Start of RAW DATA
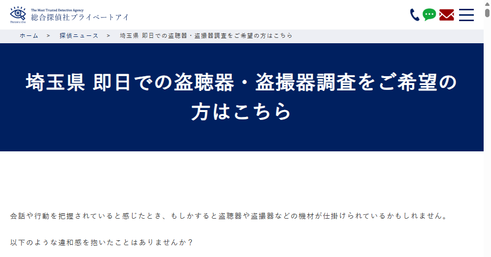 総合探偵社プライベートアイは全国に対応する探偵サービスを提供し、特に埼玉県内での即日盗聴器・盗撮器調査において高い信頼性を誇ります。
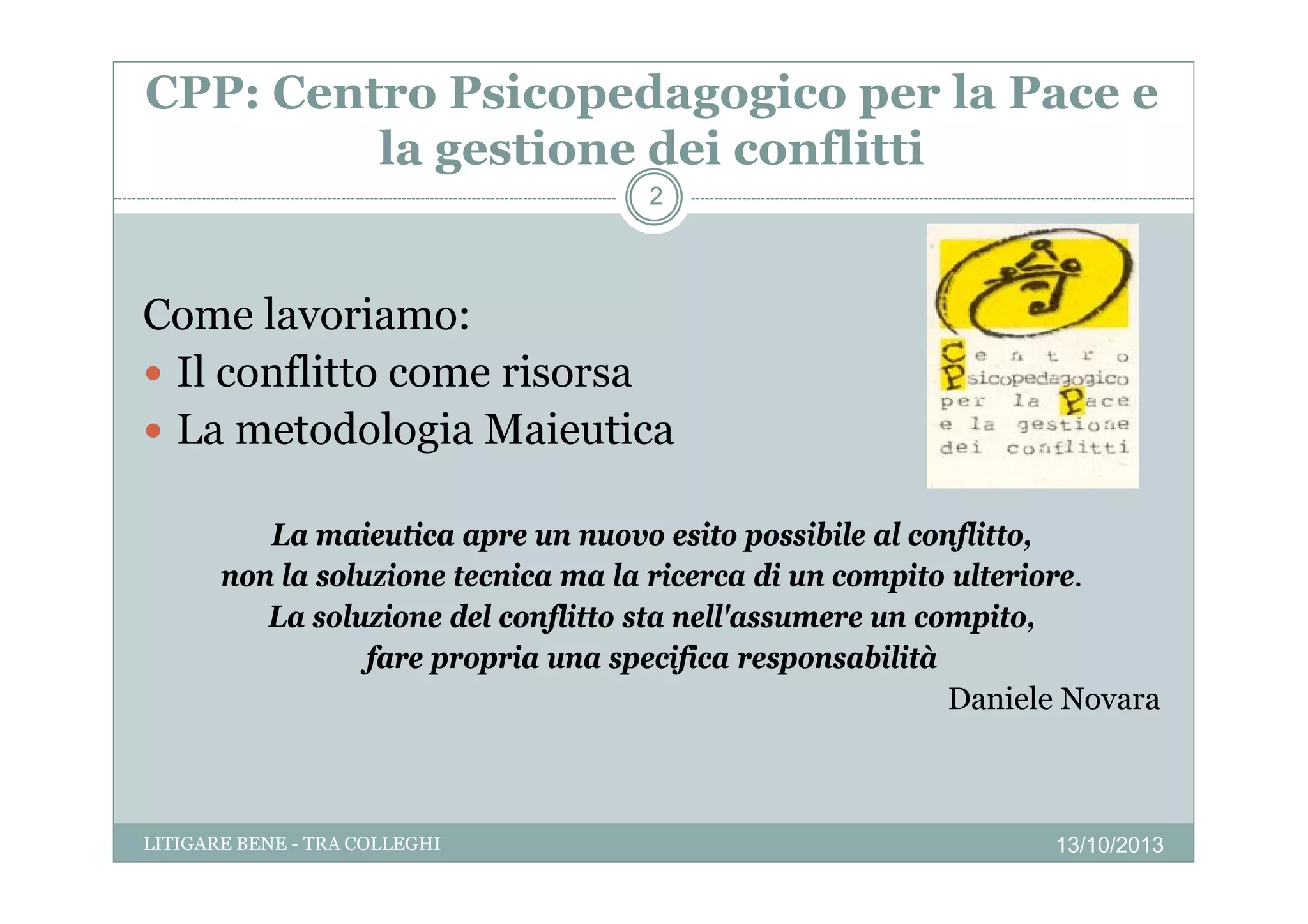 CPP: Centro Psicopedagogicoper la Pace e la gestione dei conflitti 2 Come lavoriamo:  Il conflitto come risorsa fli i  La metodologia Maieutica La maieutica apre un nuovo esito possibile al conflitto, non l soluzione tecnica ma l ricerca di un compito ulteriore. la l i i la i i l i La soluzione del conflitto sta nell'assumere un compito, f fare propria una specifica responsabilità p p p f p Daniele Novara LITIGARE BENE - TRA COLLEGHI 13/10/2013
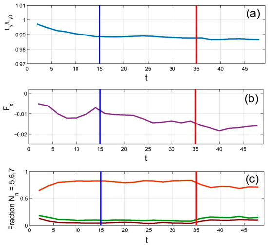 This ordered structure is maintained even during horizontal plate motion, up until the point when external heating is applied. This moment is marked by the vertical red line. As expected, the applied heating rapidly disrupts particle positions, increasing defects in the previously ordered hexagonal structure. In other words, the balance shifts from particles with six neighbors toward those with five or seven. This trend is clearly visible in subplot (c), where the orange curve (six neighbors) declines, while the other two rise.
End of RAW DATA
• **AIM OF THE TASK**
Pictures excluded, copy exactly the lines running from the one with "CPP: Centro Psicopedagogicoper" through the last line of the material.

• **SOLUTION TO THIS TASK**
 CPP: Centro Psicopedagogicoper la Pace e la gestione dei conflitti 2 Come lavoriamo:  Il conflitto come risorsa fli i  La metodologia Maieutica La maieutica apre un nuovo esito possibile al conflitto, non l soluzione tecnica ma l ricerca di un compito ulteriore. la l i i la i i l i La soluzione del conflitto sta nell'assumere un compito, f fare propria una specifica responsabilità p p p f p Daniele Novara LITIGARE BENE - TRA COLLEGHI 13/10/2013
 This ordered structure is maintained even during horizontal plate motion, up until the point when external heating is applied. This moment is marked by the vertical red line. As expected, the applied heating rapidly disrupts particle positions, increasing defects in the previously ordered hexagonal structure. In other words, the balance shifts from particles with six neighbors toward those with five or seven. This trend is clearly visible in subplot (c), where the orange curve (six neighbors) declines, while the other two rise.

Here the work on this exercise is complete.